-------- INFORMATION PROVIDED --------

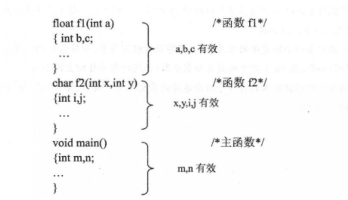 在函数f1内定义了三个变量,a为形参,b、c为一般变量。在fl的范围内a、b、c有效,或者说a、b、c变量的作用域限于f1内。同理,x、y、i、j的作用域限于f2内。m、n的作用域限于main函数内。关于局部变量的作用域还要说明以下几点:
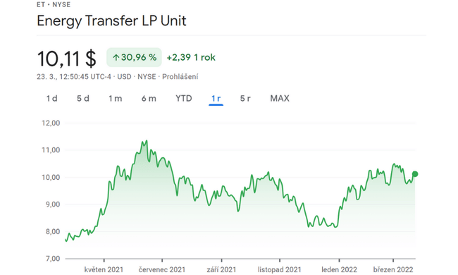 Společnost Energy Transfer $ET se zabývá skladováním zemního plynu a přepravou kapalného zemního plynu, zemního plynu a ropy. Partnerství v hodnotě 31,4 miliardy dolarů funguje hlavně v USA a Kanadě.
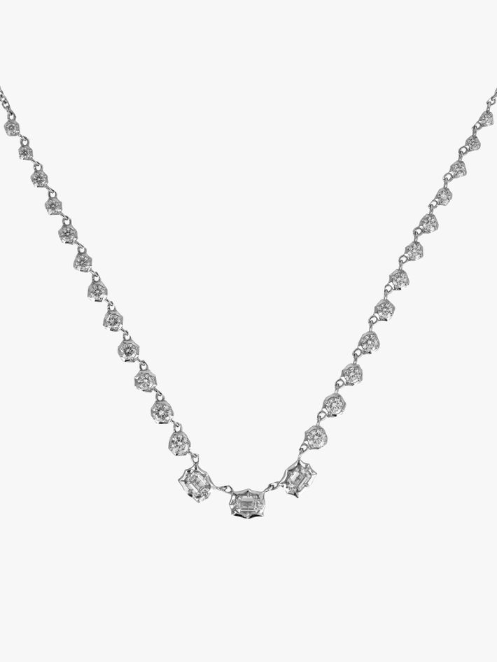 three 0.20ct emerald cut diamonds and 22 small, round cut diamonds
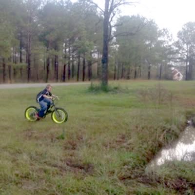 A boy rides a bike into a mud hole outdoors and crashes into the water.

--------

§ AIM OF THE TASK
Restate the data word for word while omitting each picture.

§ EXPECTED OUTPUT
 在函数f1内定义了三个变量,a为形参,b、c为一般变量。在fl的范围内a、b、c有效,或者说a、b、c变量的作用域限于f1内。同理,x、y、i、j的作用域限于f2内。m、n的作用域限于main函数内。关于局部变量的作用域还要说明以下几点:
 Společnost Energy Transfer $ET se zabývá skladováním zemního plynu a přepravou kapalného zemního plynu, zemního plynu a ropy. Partnerství v hodnotě 31,4 miliardy dolarů funguje hlavně v USA a Kanadě.
 three 0.20ct emerald cut diamonds and 22 small, round cut diamonds
 A boy rides a bike into a mud hole outdoors and crashes into the water.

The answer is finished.